Of course, it could be that I'm missing something here, so please clarify.

If users of IDatabase::nextSequenceValue() are using it for anything other than for retrieving an opaque value to pass to IDatabase::insert() as the value of a column that is using the named sequence to generate auto-incrementing values[1] so that IDatabase::insertId() will correctly return the resulting auto-incremented value, they're using it for something outside of its intended and documented purpose. Such (mis)use does not seem common, and all of the misuses identified so far are easily fixed by not skipping the insertId() call.

If the intended use is the only thing you're using it for, then you should have nothing to worry about. When DatabasePostgres::nextSequenceValue() starts returning null, it will be doing so because DatabasePostgres::insert() and DatabasePostgres::insertId() are prepared to correctly handle receiving null for the column.

[1]: In PostgreSQL terms, for 'column' when that is declared column INTEGER NOT NULL DEFAULT nextval('table_column_seq'::regclass) a.k.a. column SERIAL.

  1. Have nextSequenceValue() return some placeholder that insert() (or makeList() or whatever) turns into the DEFAULT keyword.

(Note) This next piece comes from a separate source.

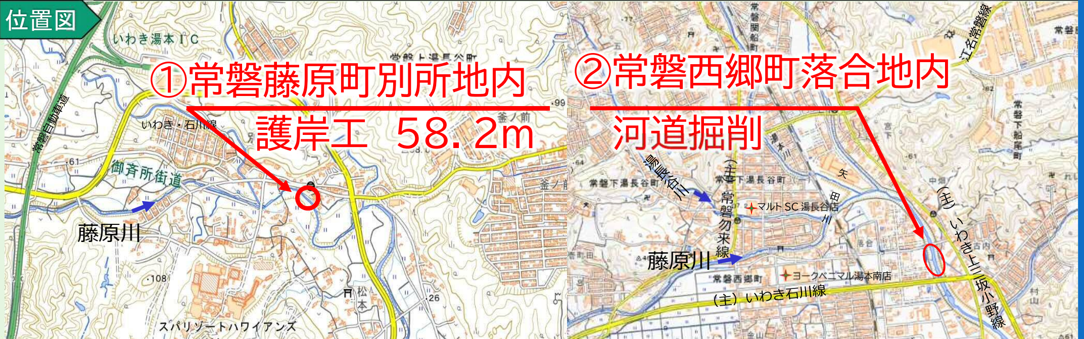
写真 藤原川の災害復旧や河道掘削等の工事状況について代表的な箇所を掲載しています。

This was the idea I had. It would be like Database::anyChar(). If any callers intractably need to have array elements for inserting into autoincrement columns, we could introduce Database::defaultValue() which would work the same way except it would not require a sequence name.

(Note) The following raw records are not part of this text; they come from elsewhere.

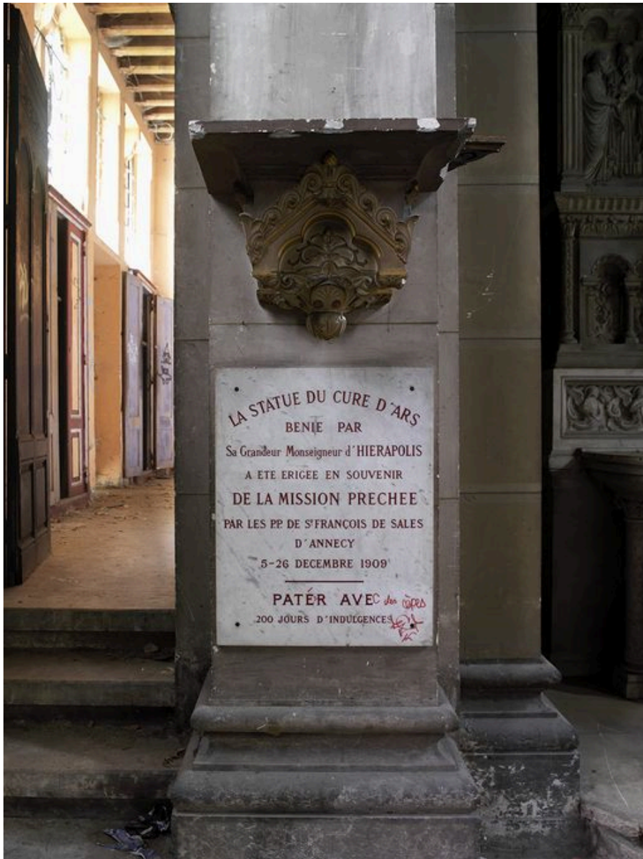
Détail de la plaque commémorative posée en 1909 lors de la mise en place de la statue du curé d'Ars.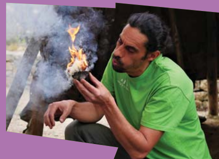
Les Secrets du Feu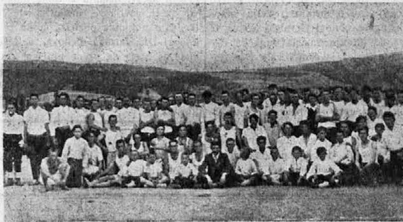
Članstvo Sokolskog društva u Nevesinju

den uspeji javni nastup. Održane su i utakmice sokolskih četa, posle kojih je izaslanik Nj. V. Kralja predao pobedničkoj četi Zatim srebren venac, dar blagopoč. Kralja Aleksandra. Uveče je održana svečana akademija.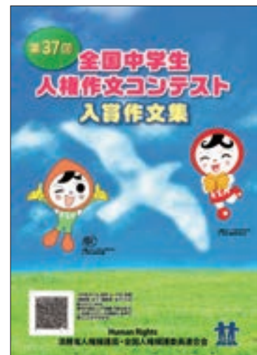
第37回全国中学生人権作文コンテスト入賞作文集

  1. Have a before-insert trigger on every SERIAL column that turns NULL into the appropriate sequence value.

:P

I see only a few places in core and deployed extensions where the value returned from nextSequenceValue() is used for something other than being passed to insert(). In all cases, it's assuming a non-null value is the ID it needs and skipping the call to insertId().

Those will need to be fixed.

Change 353182 had a related patch set uploaded (by Anomie; owner: Anomie):
[mediawiki/core@master] Fix usage of $db->nextSequenceValue()

https://gerrit.wikimedia.org/r/353182

Change 353183 had a related patch set uploaded (by Anomie; owner: Anomie):
[mediawiki/extensions/Echo@master] Fix usage of $db->nextSequenceValue()

https://gerrit.wikimedia.org/r/353183

Change 353183 merged by jenkins-bot:
[mediawiki/extensions/Echo@master] Fix usage of $db->nextSequenceValue()

https://gerrit.wikimedia.org/r/353183

Change 353182 merged by jenkins-bot:
[mediawiki/core@master] Fix usage of $db->nextSequenceValue()

https://gerrit.wikimedia.org/r/353182

Change 375011 had a related patch set uploaded (by Anomie; owner: Anomie):
[mediawiki/core@master] Deprecate IDatabase::nextSequenceValue()

https://gerrit.wikimedia.org/r/375011

Change 375011 merged by jenkins-bot:
[mediawiki/core@master] Deprecate IDatabase::nextSequenceValue()

https://gerrit.wikimedia.org/r/375011

Anomie claimed this task.

Well, it's deprecated now, so let's mark this as Resolved.